Summer School
HPC in Data Science
18-24 August 2024, Ostrava, Czech Republic
IT4Innovations National Supercomputing Centre
in this page
EUMaster4HPC Summer School welcomes students from universities around the world to get cutting-edge knowledge in HPC and HPC-related technologies for one week, from 18 to 24 August 2024 in Ostrava, Czech Republic.
The Summer School is organised in collaboration with IT4Innovations National Supercomputing Center, which is part of the VSB – Technical University of Ostrava, VSC (Vienna Scientific Cluster) Research Center, which is part of TU Wien (TUW), and MathWorks. These entities will contribute expertise and resources to enrich the experience for all participants.
- When: 18 to 24 August 2024
- Where: Ostrava, Czech Republic
- Topic: HPC in Data Science
- Hosted by IT4Innovations National Supercomputing Center at VSB – Technical University of Ostrava
Travel guide including options of flights to Ostrava is available here.
Registration is open now until 31 May 2024.
To register for the event, please use the registration link based on your affiliation. The participation conditions and respective fees are below.
- EUMaster4HPC programme students: Registrations are closed
- Students of other study programs (external students): Registrations are closed
The Summer School will offer students practical insights into HPC and data analytics, addressing the growing demand for expertise in these areas. Participants will gain competencies in various tools and techniques, empowering them to tackle real-world challenges effectively.
In this summer school, students will learn how to prepare data and understand its characteristics to create meaningful machine learning models on an HPC architecture. For this purpose, we will use open-source programming languages, such as R and Python. The supercomputing infrastructure of IT4Innovations will be used for hands-on exercises, which will be an integral part of all lectures.
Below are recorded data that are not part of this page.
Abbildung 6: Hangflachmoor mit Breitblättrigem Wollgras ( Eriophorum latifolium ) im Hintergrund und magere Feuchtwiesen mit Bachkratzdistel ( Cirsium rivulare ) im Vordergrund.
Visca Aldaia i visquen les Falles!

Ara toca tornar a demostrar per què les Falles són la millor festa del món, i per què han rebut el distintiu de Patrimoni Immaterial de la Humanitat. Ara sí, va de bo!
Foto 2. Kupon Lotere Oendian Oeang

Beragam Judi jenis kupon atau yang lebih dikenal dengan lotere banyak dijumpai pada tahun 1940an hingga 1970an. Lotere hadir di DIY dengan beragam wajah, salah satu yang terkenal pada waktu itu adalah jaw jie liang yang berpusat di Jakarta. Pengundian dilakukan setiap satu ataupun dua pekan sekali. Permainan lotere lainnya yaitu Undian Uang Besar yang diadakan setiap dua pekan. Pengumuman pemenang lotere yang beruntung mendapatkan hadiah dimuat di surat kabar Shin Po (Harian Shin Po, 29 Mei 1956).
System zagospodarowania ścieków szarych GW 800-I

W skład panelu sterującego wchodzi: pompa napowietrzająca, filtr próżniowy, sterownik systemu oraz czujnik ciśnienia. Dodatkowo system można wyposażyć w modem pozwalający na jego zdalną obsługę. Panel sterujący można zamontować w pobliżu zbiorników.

At the end of the summer school, the student will gain competencies in the following:
- Using a Linux-based HPC environment.
- Understanding the theoretical background of exploratory data analysis and modeling.
- Scale data analysis for Big Data in R and Python.
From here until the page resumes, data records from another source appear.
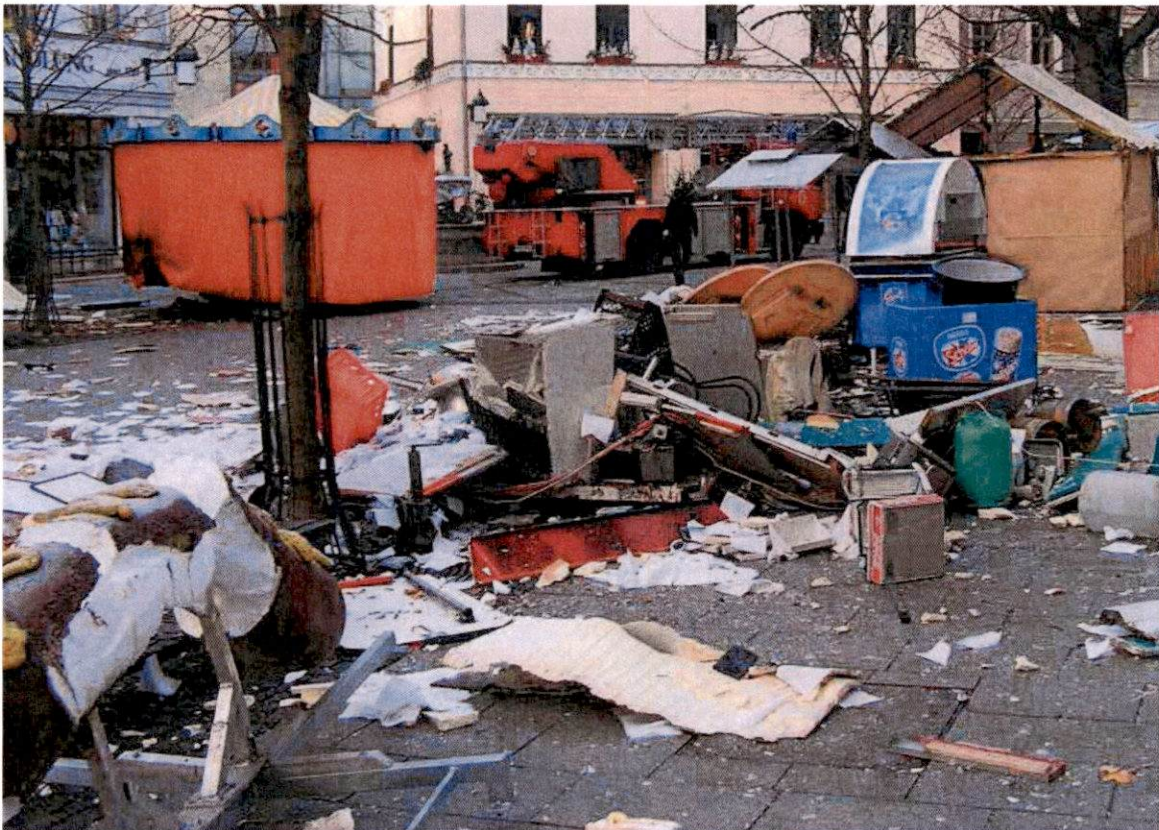
Abbildung: Auswirkungen einer Explosion eines Imbisswagens infolge einer undichten Flüssiggasanlage am 26.11.2004 auf dem Weihnachtsmarkt Weimar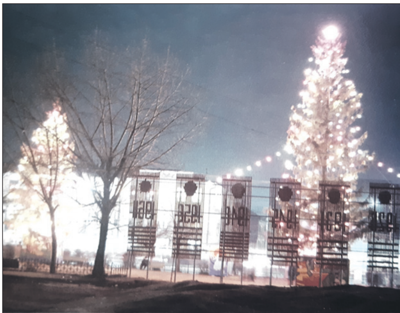
Елка в Пионерском сквере. 1972 г.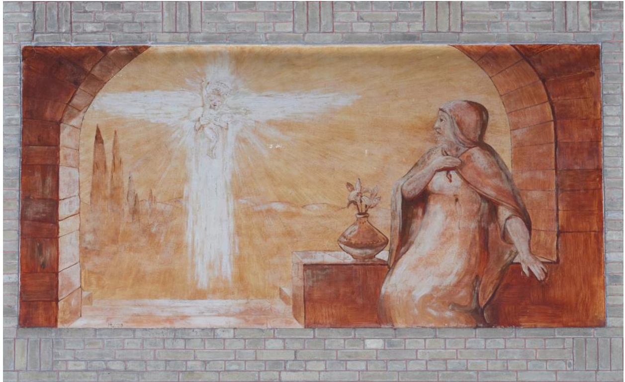
Vue de la troisième peinture du côté ouest : l'Annonciation.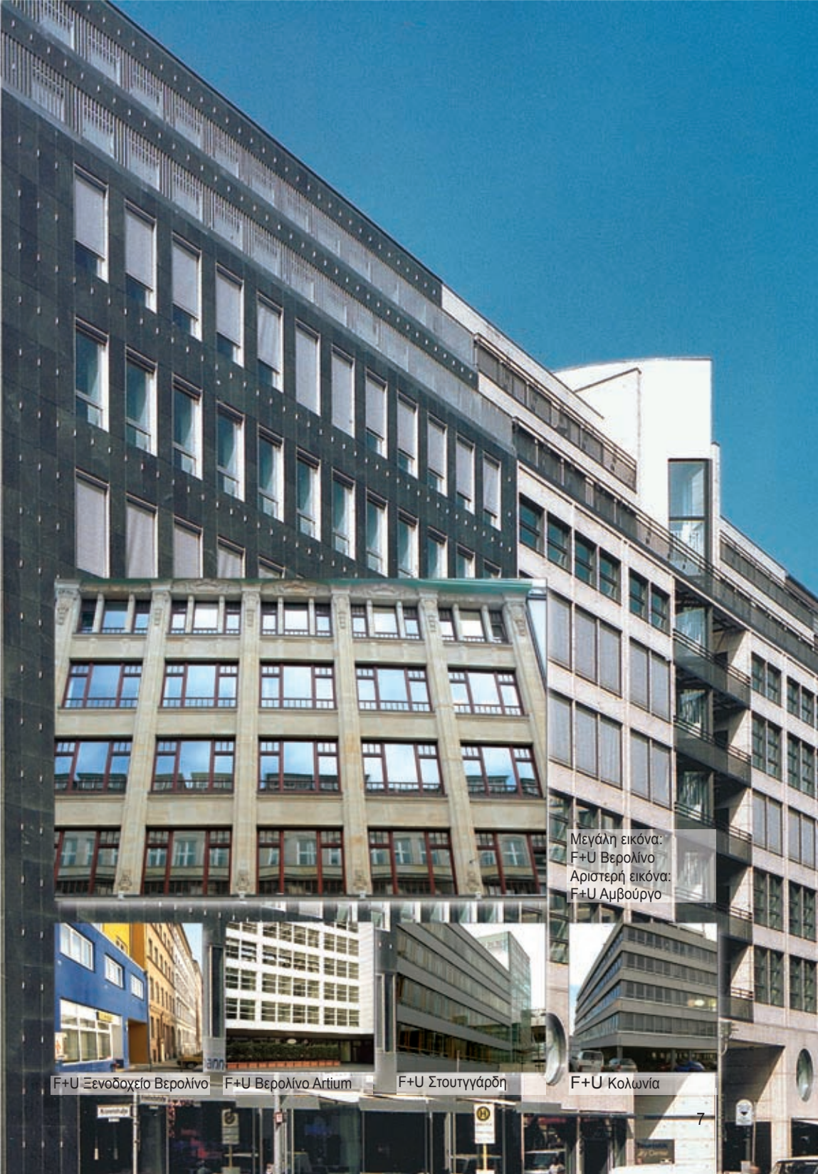
Μεγάλη εικόνα: F+U Βερολίνο Αριστερή εικόνα: F+U Αμβούργο

- Creating basic Machine and Deep Learning models in R and Python.
- Deciding whether to use Machine or Deep Learning methods.
- Building data processing pipelines for Machine or Deep Learning tasks.
- Knowing how to set up and run data analysis in parallel on an HPC cluster with R and Python.
- Parallelisation of Machine and Deep Learning tasks to use multiple compute nodes and/or multiple accelerators (GPUs).
- Using MATLAB tools for HPC and data analysis.
IT4Innovations National Supercomputing Center is a research center active in HPC, Data Analysis, AI, and Quantum Computing and their applications to other scientific fields, industry, and society.
Vienna Scientific Cluster (VSC) is the national supercomputer of Austria, its VSC Research Center is devoted to facilitate the use of high-performance computing in all domains of science and research, it is recognised for its first-class training offer.
MathWorks are the leading producers of technical computing software. Millions of users trust MATLAB® and Simulink® to accelerate the pace of their engineering and science.
Detailed agenda
Saturday 17 August: Arrival of students and guests and check-in to the hotel.
Sunday 18 August: Summer School Welcome event at IT4Innovations.
12:00 – 13:30 Lunch
13:30 – 14:00 Introduction of the school programme, practical information
14:00 – 15:00 Introduction of the organisers
- IT4I
- MathWorks
- EUMaster4HPC
15:00 – 15:30 Coffee Break
15:30 – 16:30 Guided tours around IT4I’s Infrastructure
16:30 – 18:00 Teambuilding activities
18:00 – 21:00 Welcome reception
Monday 19 August
9:00 Accessing and using IT4I clusters
- First login.
- How to get your data to the cluster.
- How to log in to the cluster and prepare a computation environment.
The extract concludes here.